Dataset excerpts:
────────

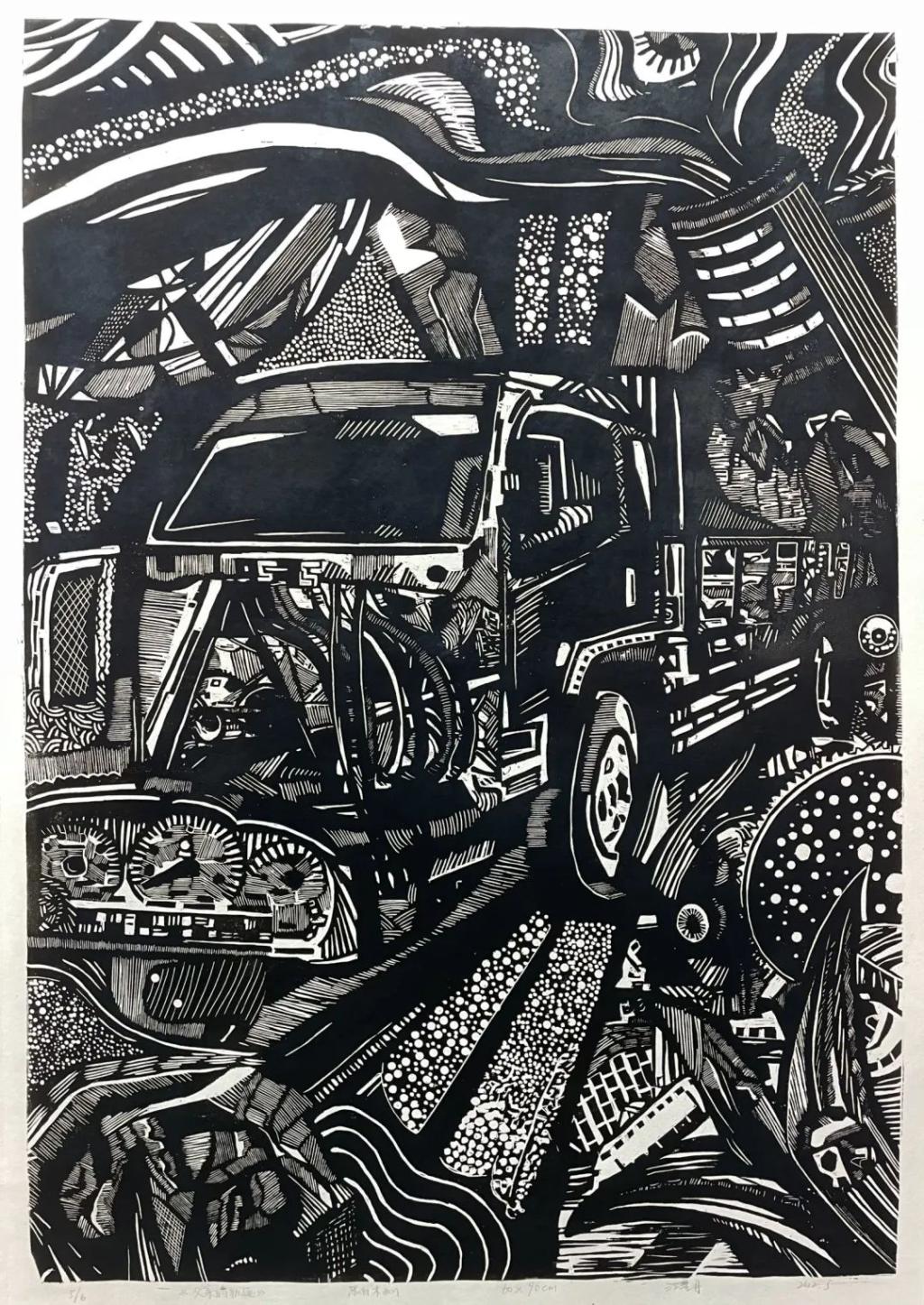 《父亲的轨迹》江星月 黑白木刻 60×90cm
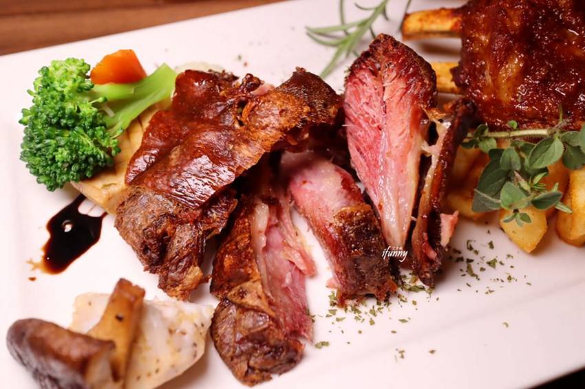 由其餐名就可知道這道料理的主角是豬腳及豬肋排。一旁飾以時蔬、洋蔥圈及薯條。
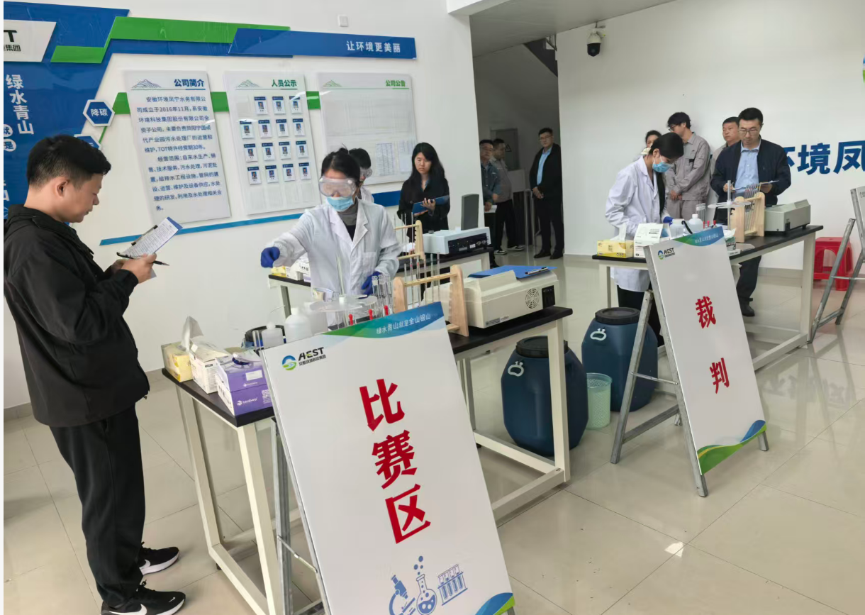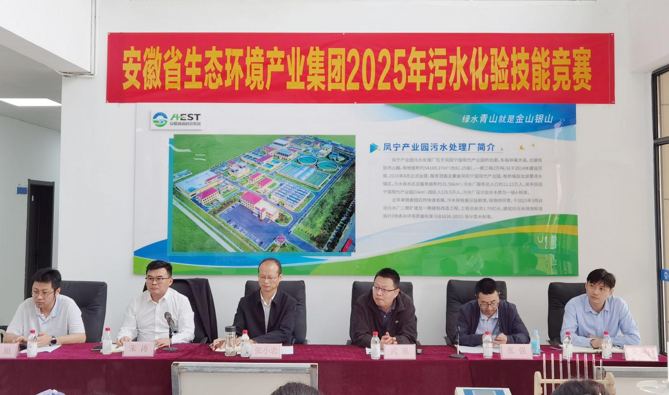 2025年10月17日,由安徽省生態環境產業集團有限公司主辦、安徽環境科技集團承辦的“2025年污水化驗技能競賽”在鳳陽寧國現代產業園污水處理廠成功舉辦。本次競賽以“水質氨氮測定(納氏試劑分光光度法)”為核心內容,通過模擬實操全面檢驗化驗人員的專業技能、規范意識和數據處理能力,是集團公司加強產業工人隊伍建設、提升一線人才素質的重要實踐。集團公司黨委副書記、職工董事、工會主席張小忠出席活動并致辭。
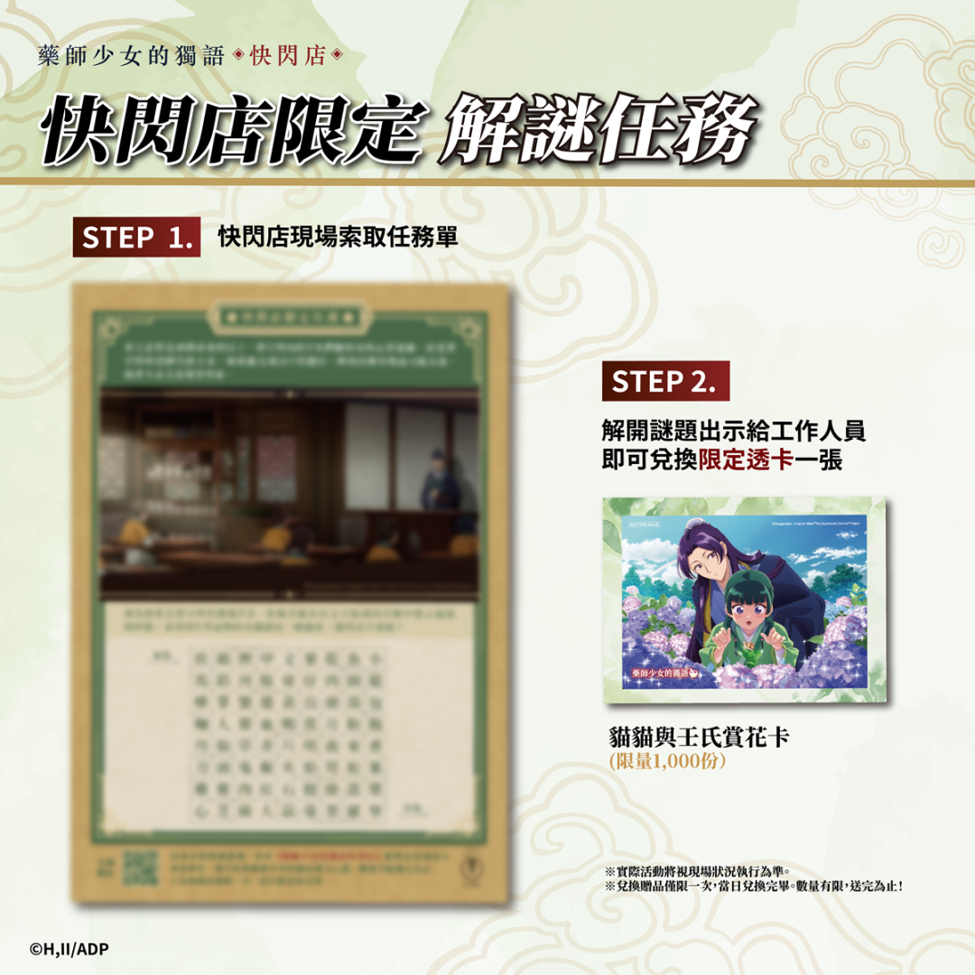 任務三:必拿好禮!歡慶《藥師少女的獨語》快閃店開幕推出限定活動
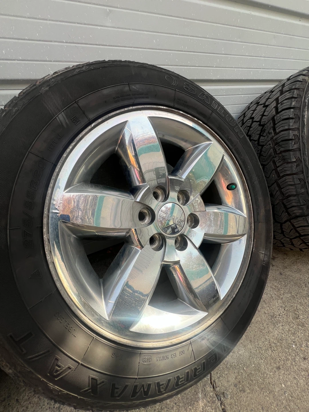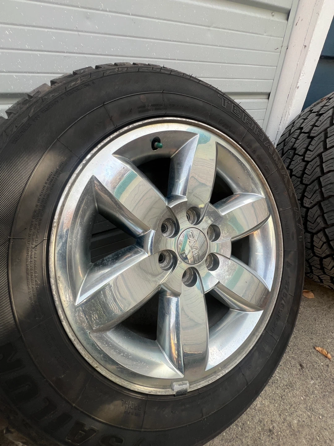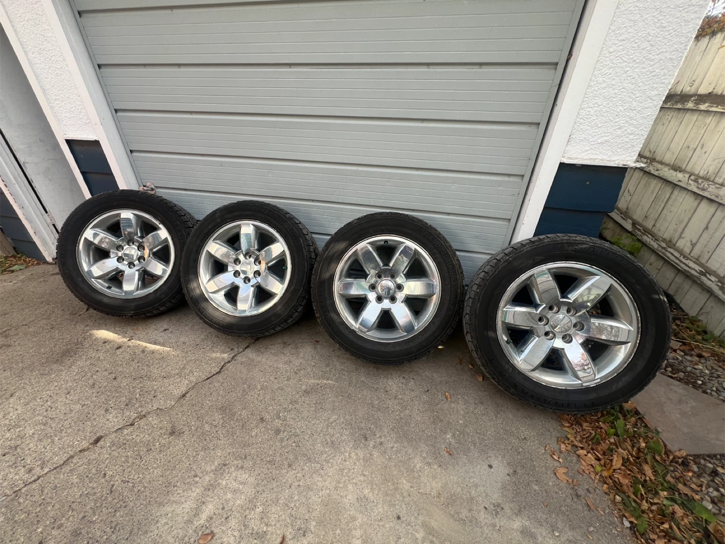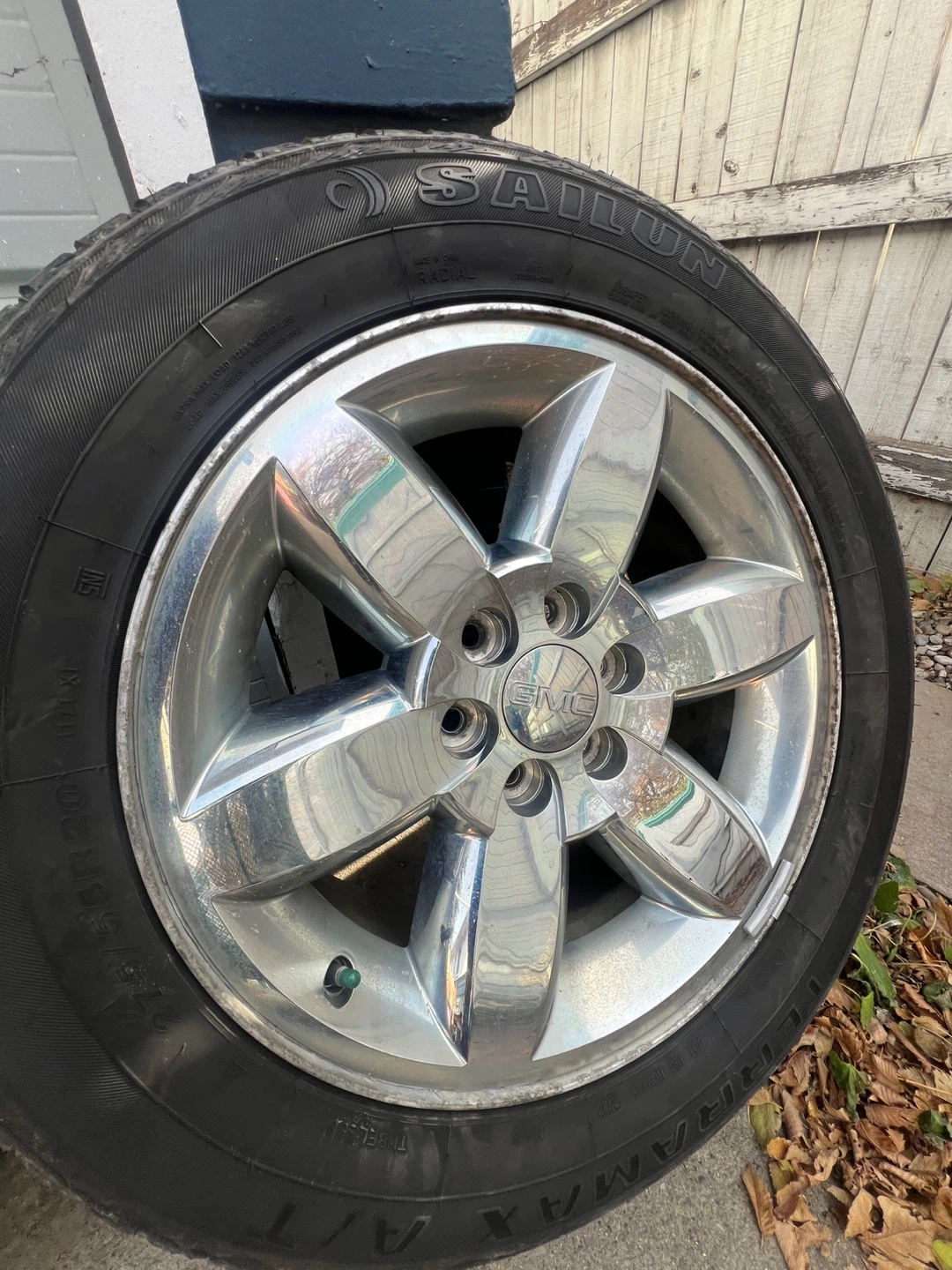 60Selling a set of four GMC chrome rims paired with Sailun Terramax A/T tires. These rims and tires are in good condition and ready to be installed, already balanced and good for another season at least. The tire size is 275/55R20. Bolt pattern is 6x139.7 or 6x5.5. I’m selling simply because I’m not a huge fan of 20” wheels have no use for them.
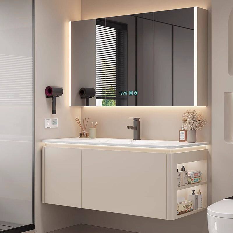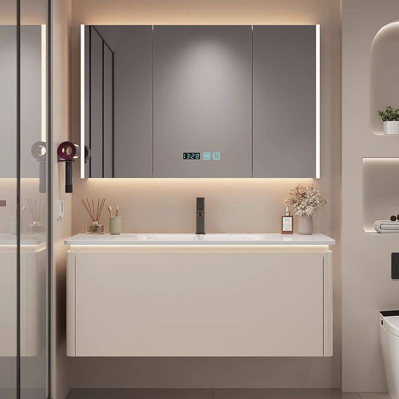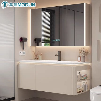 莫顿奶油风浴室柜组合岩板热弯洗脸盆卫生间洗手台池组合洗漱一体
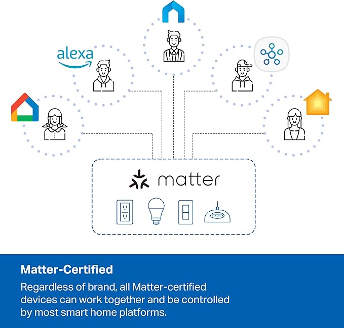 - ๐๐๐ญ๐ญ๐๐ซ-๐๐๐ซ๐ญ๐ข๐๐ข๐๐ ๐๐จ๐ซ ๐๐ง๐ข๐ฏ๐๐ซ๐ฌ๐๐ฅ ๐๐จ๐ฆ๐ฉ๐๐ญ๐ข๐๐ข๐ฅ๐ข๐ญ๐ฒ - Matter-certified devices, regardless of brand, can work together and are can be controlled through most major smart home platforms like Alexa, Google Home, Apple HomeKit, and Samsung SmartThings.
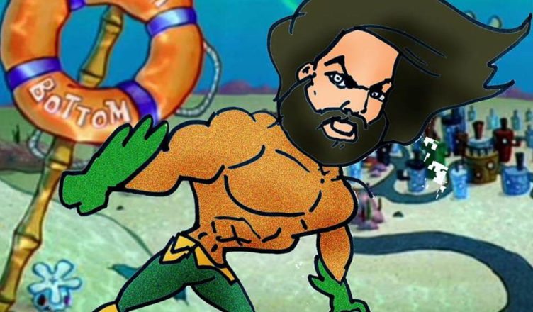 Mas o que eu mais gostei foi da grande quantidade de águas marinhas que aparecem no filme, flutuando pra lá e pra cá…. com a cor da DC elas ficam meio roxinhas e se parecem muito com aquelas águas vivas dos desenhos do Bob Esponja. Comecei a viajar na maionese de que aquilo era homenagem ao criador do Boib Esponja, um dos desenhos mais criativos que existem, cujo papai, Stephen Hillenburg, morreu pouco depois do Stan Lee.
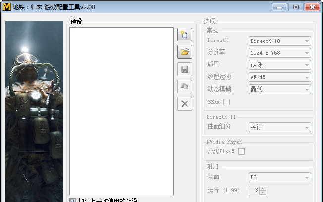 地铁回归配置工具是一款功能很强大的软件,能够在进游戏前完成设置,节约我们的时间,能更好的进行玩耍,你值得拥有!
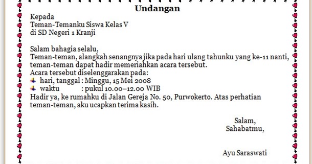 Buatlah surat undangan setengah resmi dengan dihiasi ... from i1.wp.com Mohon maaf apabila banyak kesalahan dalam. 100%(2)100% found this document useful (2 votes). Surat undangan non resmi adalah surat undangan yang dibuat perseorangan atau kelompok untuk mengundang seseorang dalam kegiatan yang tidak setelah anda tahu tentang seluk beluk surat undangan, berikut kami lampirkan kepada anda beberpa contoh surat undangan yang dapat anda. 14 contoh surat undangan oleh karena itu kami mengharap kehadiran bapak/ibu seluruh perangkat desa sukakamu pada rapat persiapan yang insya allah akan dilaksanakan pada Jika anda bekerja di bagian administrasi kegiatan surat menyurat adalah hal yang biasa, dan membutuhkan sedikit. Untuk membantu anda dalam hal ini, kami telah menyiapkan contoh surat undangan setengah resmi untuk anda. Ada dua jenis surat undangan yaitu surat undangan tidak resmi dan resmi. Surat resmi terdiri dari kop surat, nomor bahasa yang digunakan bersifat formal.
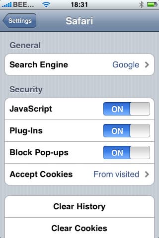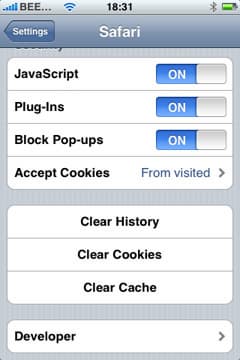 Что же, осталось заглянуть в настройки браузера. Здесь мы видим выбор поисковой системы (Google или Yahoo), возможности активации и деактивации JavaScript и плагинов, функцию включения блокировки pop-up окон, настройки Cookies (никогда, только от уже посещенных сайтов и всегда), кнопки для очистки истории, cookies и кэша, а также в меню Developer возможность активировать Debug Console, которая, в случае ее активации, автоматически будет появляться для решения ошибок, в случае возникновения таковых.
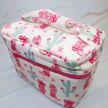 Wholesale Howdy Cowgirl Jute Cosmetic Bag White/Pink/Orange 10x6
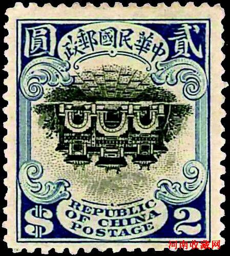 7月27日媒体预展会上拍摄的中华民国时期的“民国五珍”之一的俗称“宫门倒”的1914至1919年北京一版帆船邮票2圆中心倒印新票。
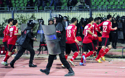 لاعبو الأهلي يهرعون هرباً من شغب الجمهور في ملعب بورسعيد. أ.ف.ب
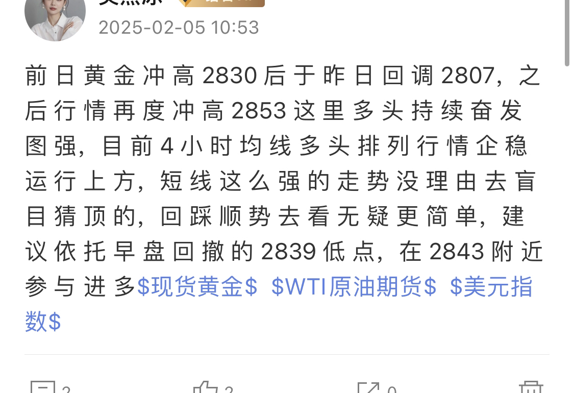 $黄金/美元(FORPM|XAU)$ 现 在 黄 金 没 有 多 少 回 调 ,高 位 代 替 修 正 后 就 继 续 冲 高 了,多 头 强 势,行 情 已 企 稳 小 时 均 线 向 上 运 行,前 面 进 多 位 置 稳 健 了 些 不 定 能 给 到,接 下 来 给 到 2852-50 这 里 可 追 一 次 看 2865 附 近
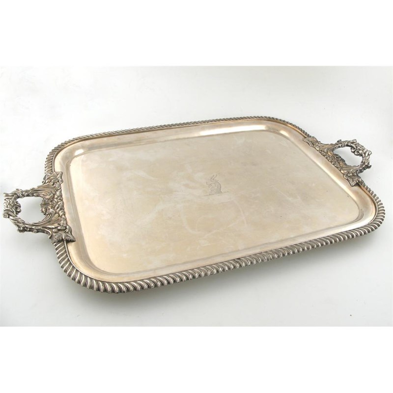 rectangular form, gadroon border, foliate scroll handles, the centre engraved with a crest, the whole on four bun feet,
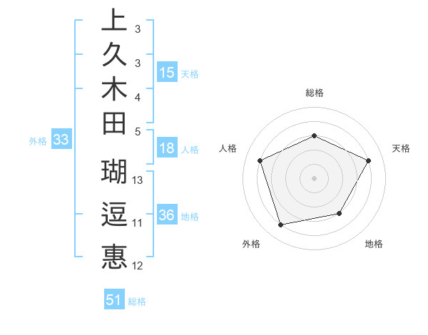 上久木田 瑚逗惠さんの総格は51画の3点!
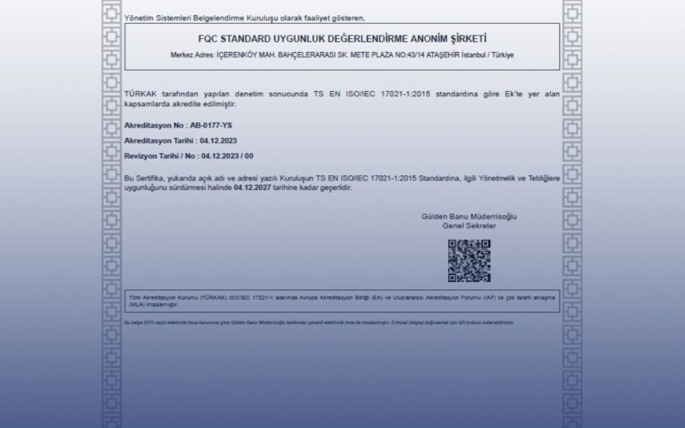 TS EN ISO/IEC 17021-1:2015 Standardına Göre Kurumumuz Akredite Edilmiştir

────────

• _Problem statement_: Starting from the line with "莫顿奶油风浴室柜组合岩板热弯洗脸盆卫生间洗手台池组合洗漱一体" in the records above, repeat each line exactly until you have written the line with "- ๐๐๐ญ๐ญ๐๐ซ-๐๐๐ซ๐ญ๐ข๐๐ข๐๐ ๐๐จ๐ซ", then stop; drop the pictures.

• _Response area_:
 莫顿奶油风浴室柜组合岩板热弯洗脸盆卫生间洗手台池组合洗漱一体
 - ๐๐๐ญ๐ญ๐๐ซ-๐๐๐ซ๐ญ๐ข๐๐ข๐๐ ๐๐จ๐ซ ๐๐ง๐ข๐ฏ๐๐ซ๐ฌ๐๐ฅ ๐๐จ๐ฆ๐ฉ๐๐ญ๐ข๐๐ข๐ฅ๐ข๐ญ๐ฒ - Matter-certified devices, regardless of brand, can work together and are can be controlled through most major smart home platforms like Alexa, Google Home, Apple HomeKit, and Samsung SmartThings.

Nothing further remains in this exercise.